He stood up. She came to him, and when he put his two hands on her shoulders she tried to keep her aversion to his touch out of her look.

He shook his big, bald head. He was unhappy and his eyes were old. "Nope," he said; "nope. Can't be done. You mean well, but you haven't got any fire in you. Kid, can't you understand that there are wives who've got so much passion in 'em that if their husbands came home clean-licked, like I am, they'd-oh, their husbands would just naturally completely forget their troubles in love-real love, with fire in it. Women that aren't ashamed of having bodies.... But, oh, Lord! it ain't your fault. I shouldn't have said anything. There's lots of wives like you. More 'n one man's admitted his wife was like that, when he's had a couple drinks under his belt to loosen his tongue. You're not to blame, but-I'm sorry.... Don't mind my grouch when I came in. I was so hot, and I'd been worrying and wanted to blame things onto somebody.... Don't wait for me at dinner. If I ain't here by seven, go ahead and feed. Good-by."

§ 2

All she knew was that at six a woman's purring voice on the telephone asked if Mr. Eddie Schwirtz had returned to town yet. That he did not reappear till after midnight. That his return was heralded by wafting breezes with whisky laden. That, in the morning, there was a smear of rice powder on his right shoulder and that he was not so urgent in his attentions to her as ordinarily. So her sympathy for him was lost. But she discovered that she was neither jealous nor indignant-merely indifferent.

He told her at breakfast that, with his usual discernment, he had guessed right. When he had gone to the office he had been discharged.

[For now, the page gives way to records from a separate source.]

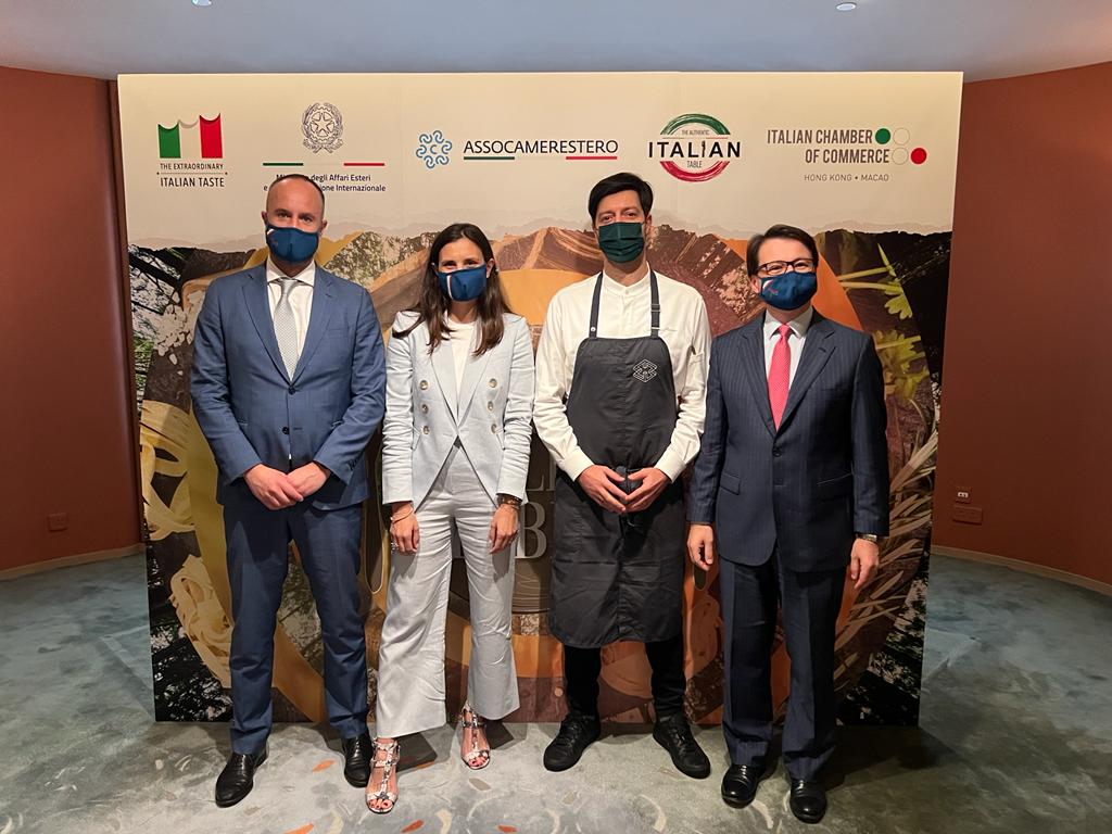 The project TRUE ITALIAN TASTE, part of the campaign The Extraordinary Italian Taste – is promoted and financed by the Ministry of Foreign Affairs and International Cooperation, and it is implemented by Assocamerestero, in collaboration with the Italian Chambers of Commerce abroad. Mr. Clemente Contestabile (Consul General of Italy in Hong Kong), Mr. Davide De Rosa (Partner at Gianni & Origoni and Vice President of the Italian Chamber), Ms Caterina Bernardini de Pace (the General Manager) and Mr Davide Ciotti (the Deputy General Manager) were invited to the luncheon.
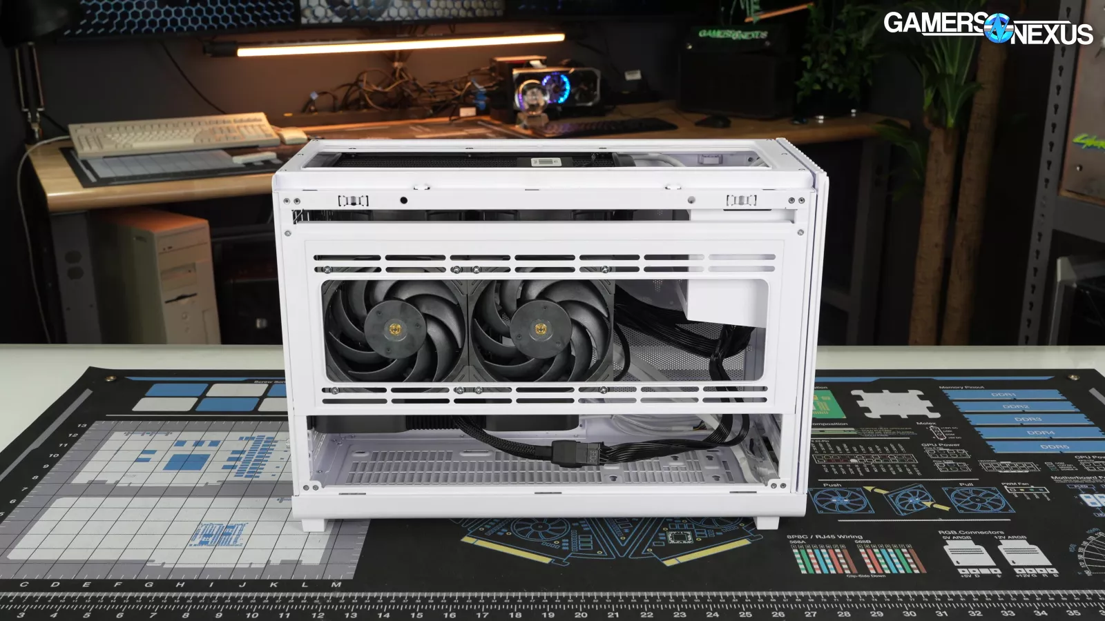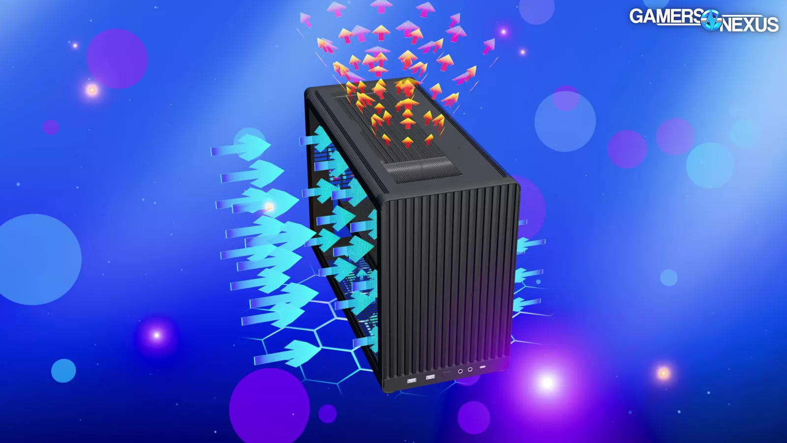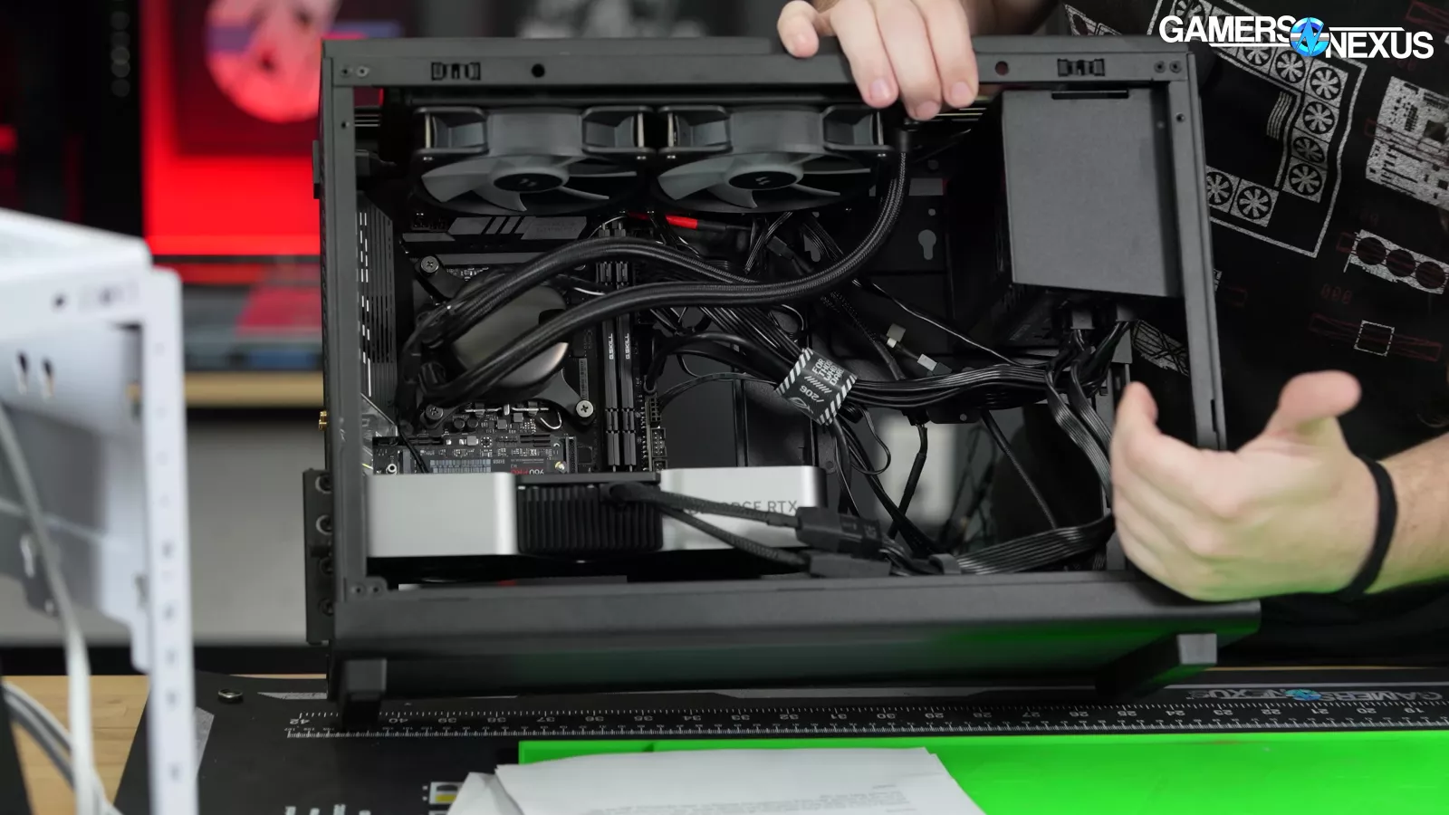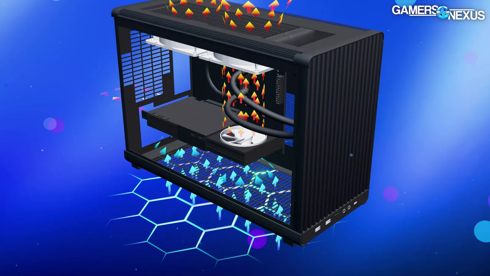 Our animation explains what we think is happening. When the system is configured with only the top exhaust fans, the system is in a negative pressure setup. In PC building terminology, this means there is more forced outflow through fans than intake, from the perspective of the case. As a result, air will naturally find its way in through effectively every hole in the case, but especially the two closest ones: The large, empty fan mount in the back and the empty mesh on the left side panel. This air flows straight in and out the liquid cooler through its fans.
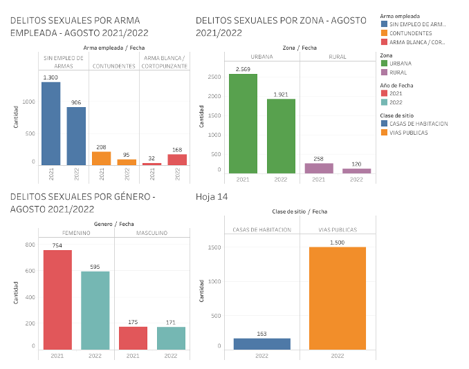 El total de casos de delitos sexuales en agosto de 2022 presentó una reducción de -27,79% con respecto a los reportados en agosto de 2021, esto quiere decir que en agosto de este año se han reportado 786 casos menos que en el mismo mes de 2021 en el que se registraron 2.828 denuncias. Los hechos registrados se concentran a nivel departamental en Cundinamarca (28,6%); Antioquia (13,57%); Valle del Cauca (6,71%); Santander (4,75%) y Bolívar (4,51%). En 2022 estos delitos se repartieron principalmente en las ciudades de Bogotá (60,82% de los casos), Medellín (17,53%), Cartagena (8,38%), Cali (7,6%) y Barranquilla (5,67%). Con respecto a los reportes de agosto de 2021 esto supuso un alto decrecimiento en ciudades como Cali (54,26%) y Medellín (39,82%), un decrecimiento algo menor en Barranquilla (15,38%), y un aumento significativo de los casos reportados en Cartagena (20,37%). Por su parte Bogotá reporta un crecimiento leve (0,85%).

"Went out with some business acquaintances in the evening-got to pull all the wires I can now," he said.

She said nothing.

§ 3

They had less than two hundred dollars ahead. But Mr. Schwirtz borrowed a hundred from his friend, Burke McCullough, and did not visibly have to suffer from want of highballs, cigars, and Turkish baths. From the window of their room Una used to see him cross the street to the café entrance of the huge Saffron Hotel-and once she saw him emerge from it with a fluffy blonde. But she did not attack him. She was spellbound in a strange apathy, as in a dream of swimming on forever in a warm and slate-hued sea. She was confident that he would soon have another position. He had over-ridden her own opinions about business-the opinions of the underling who never sees the great work as a rounded whole-till she had come to have a timorous respect for his commercial ability.

Apparently her wifely respect was not generally shared in the paint business. At least Mr. Schwirtz did not soon get his new position.

The manager of the hotel came to the room with his bill and pressed for payment. And after three weeks-after a night when he had stayed out very late and come home reeking with perfume-Mr. Schwirtz began to hang about the room all day long and to soak himself in the luxury of complaining despair.

Then came the black days.

There were several scenes (during which she felt like a beggar about to be arrested) between Mr. Schwirtz and the landlord, before her husband paid part of a bill whose size astounded her.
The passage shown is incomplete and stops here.